Dr Emrys Evans smiling at the camera in a check shirt

The exchange of energy between molecules and light underpins current and future optoelelectronic, photonic and quantum technologies. These applications require molecules to transition between different excited energy states within a manifold of levels. Dr Evans is exploring the opportunities to design and exploit new levels and transitions in molecular materials based on novel arrangements that pair electrons and isolate them to specific atoms.
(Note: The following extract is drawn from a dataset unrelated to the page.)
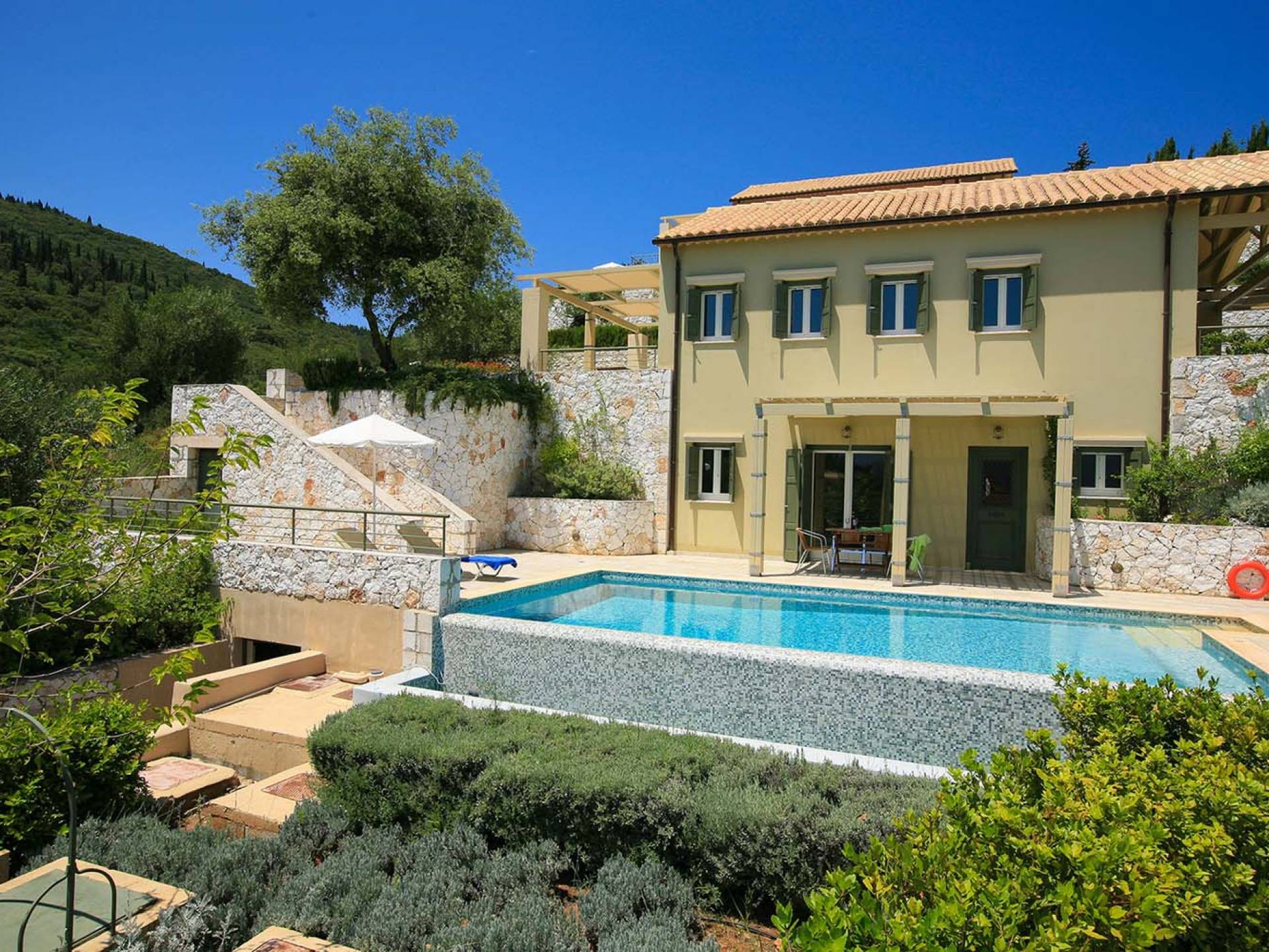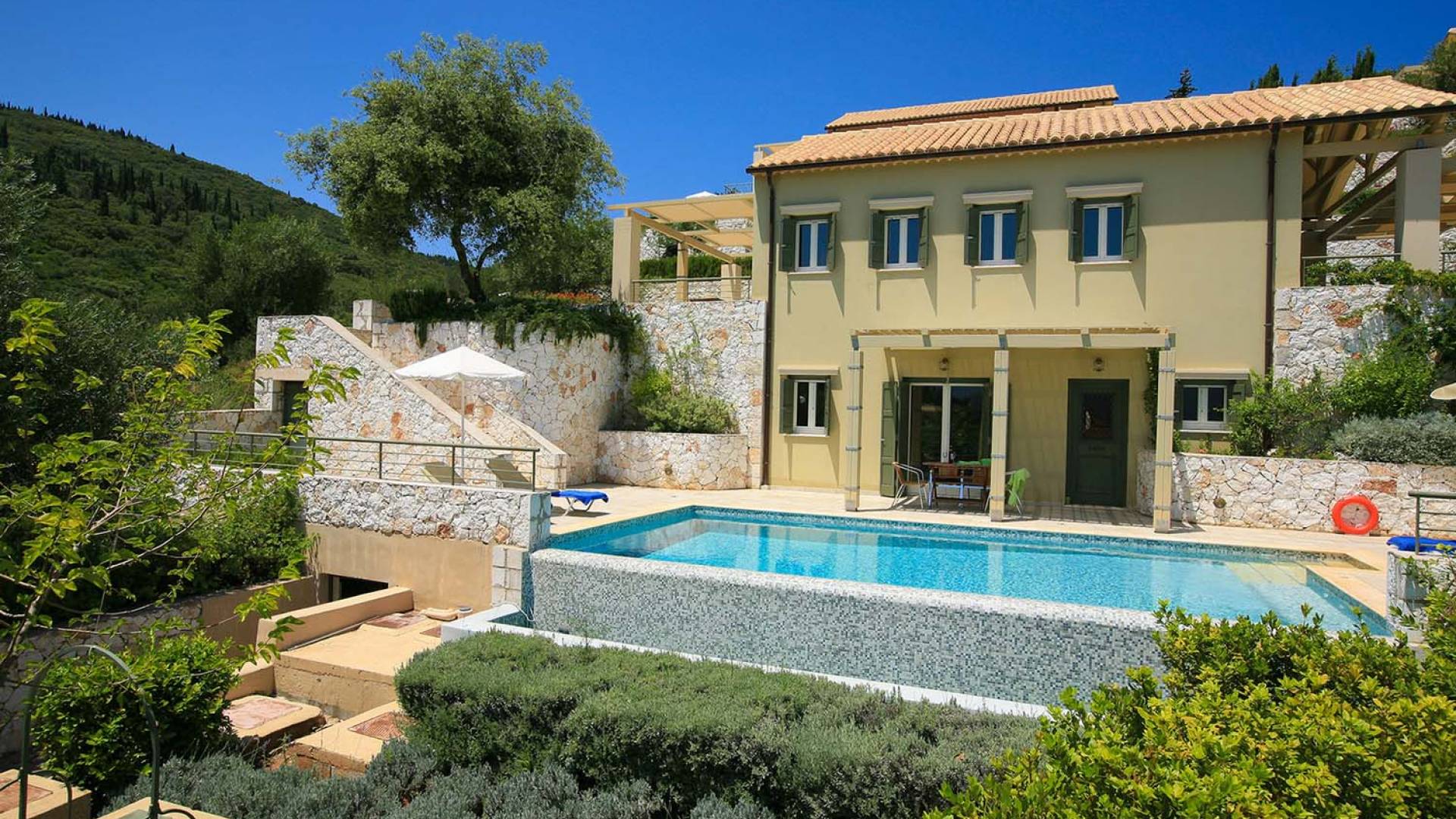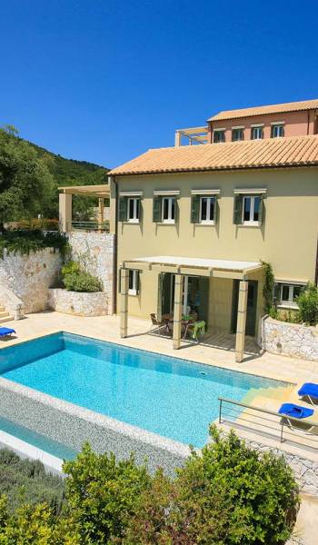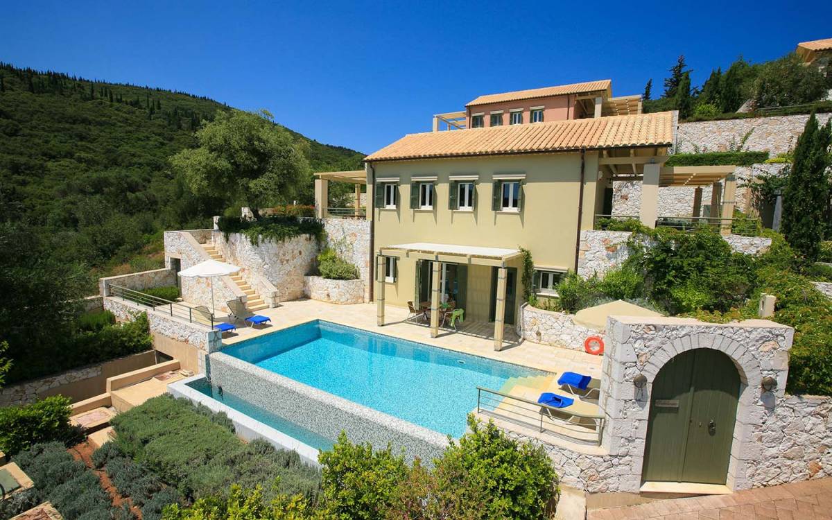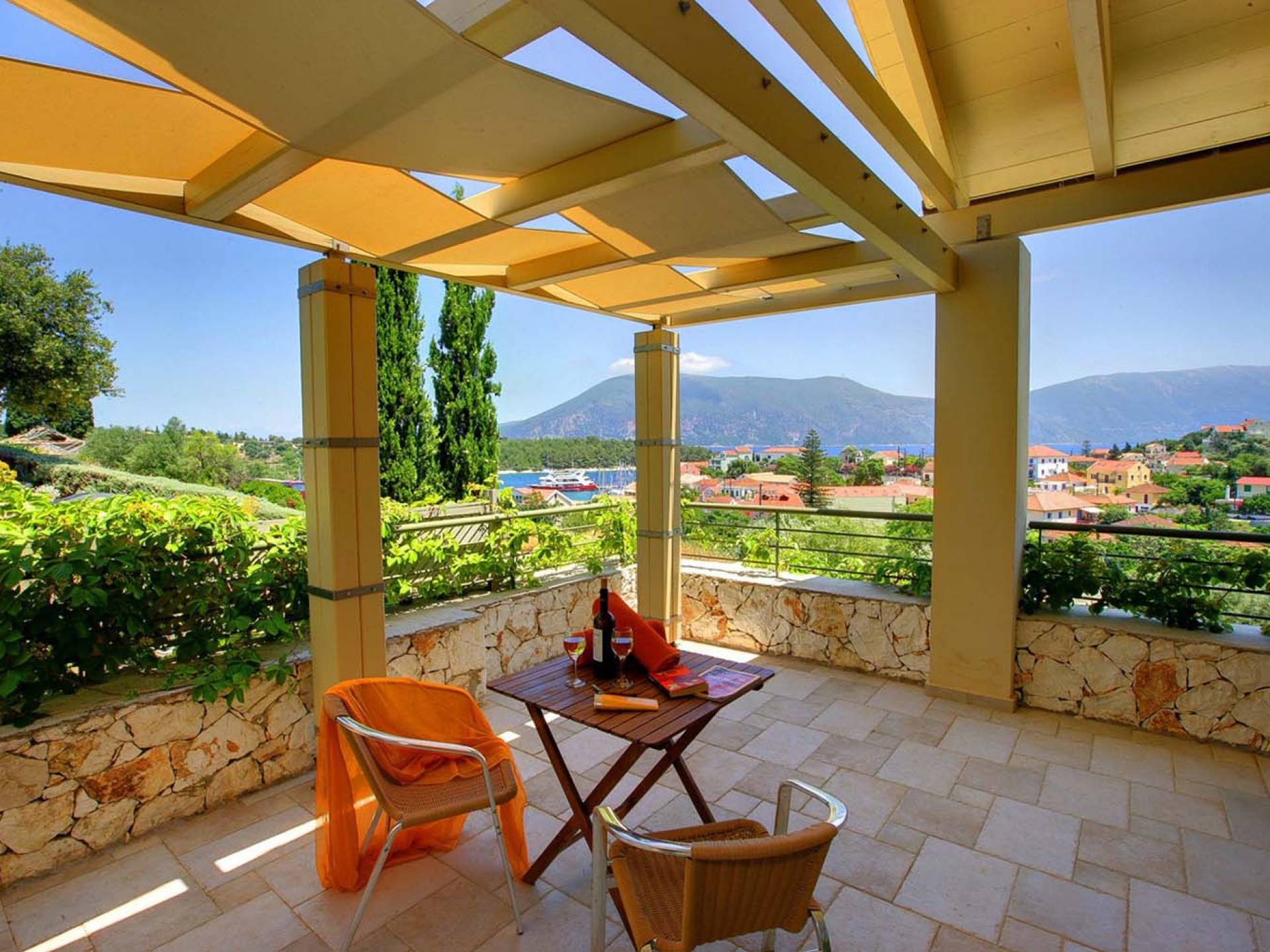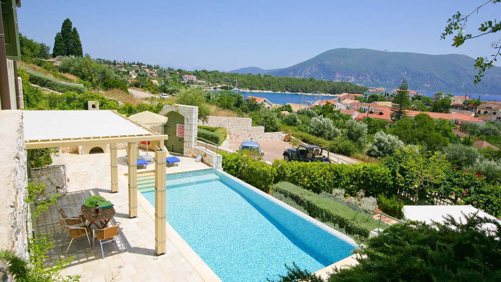 Villa Dendrolivano at Fiscardo View Villas is one of the most sought after villas on the Island of Kefalonia due to its idyllic hillside location overlooking the yachts and fishing boats moored in the harbour of Fiscardo. Villa Dendrolivano at Fiscardo View Villas is the first villa from the three that comprise the Fiscardo View Villas and it is ideal especially for families with young kids or older guests as it is closer to the road and not up on the hilltop. The views over the harbor and Ionian Sea towards the Island of Ithaca from the infinity swimming pool and terraces are simply stunning.

Dr Evans developed luminescent carbon-based radicals with emission from unpaired electron states that enable highly efficient organic light-emitting diodes (OLEDs) with potential applications in displays and imaging. The design of multi-electron coupled states in molecules enable potential applications in molecular-scale sensing of local environments (magnetic / electric field, temperature) that could be exploited in future studies of materials and biological mechanisms. He uses laser experiments to characterise the flow of energy and electrons in and between molecules by monitoring light absorption and emission starting from a picosecond (million-millionth of second).

The underlying electron spin mechanisms are revealed by studying the effect of magnetic fields on the energy levels and resulting ground state and photoexcited dynamics. By expanding spin chemistry in novel molecules, Emrys' team can push the boundaries of electronic, optical and magnetic properties that could improve current technologies and enable new opportunities

Biography

Dr Emrys Evans was born in Swansea, Wales. He is half Welsh and half Thai. He is a Royal Society University Research Fellow at Swansea University. His team are investigating the electronic, optical and magnetic properties of molecular materials towards optoelectronic, photonic and quantum technology applications.  

Emrys studied ¾ÅÖÝÓ°Ôº as an undergraduate and doctorate student at the University of Oxford (MChem 2012, DPhil 2016). During this time, he developed an interest in photophysics and spin chemistry towards understanding light-induced radical pairs that are implicated in animal magnetoreception, and was supervised by Professor Christiane Timmel. He worked with Professor Sir Richard Friend at the Cavendish laboratory, University of Cambridge as a Research Associate (2016-2019) where he studied new materials and mechanisms for more efficient organic light-emitting diodes (OLEDs) using molecular semiconductors. In 2019 he received a Leverhulme Trust Early Career Fellowship.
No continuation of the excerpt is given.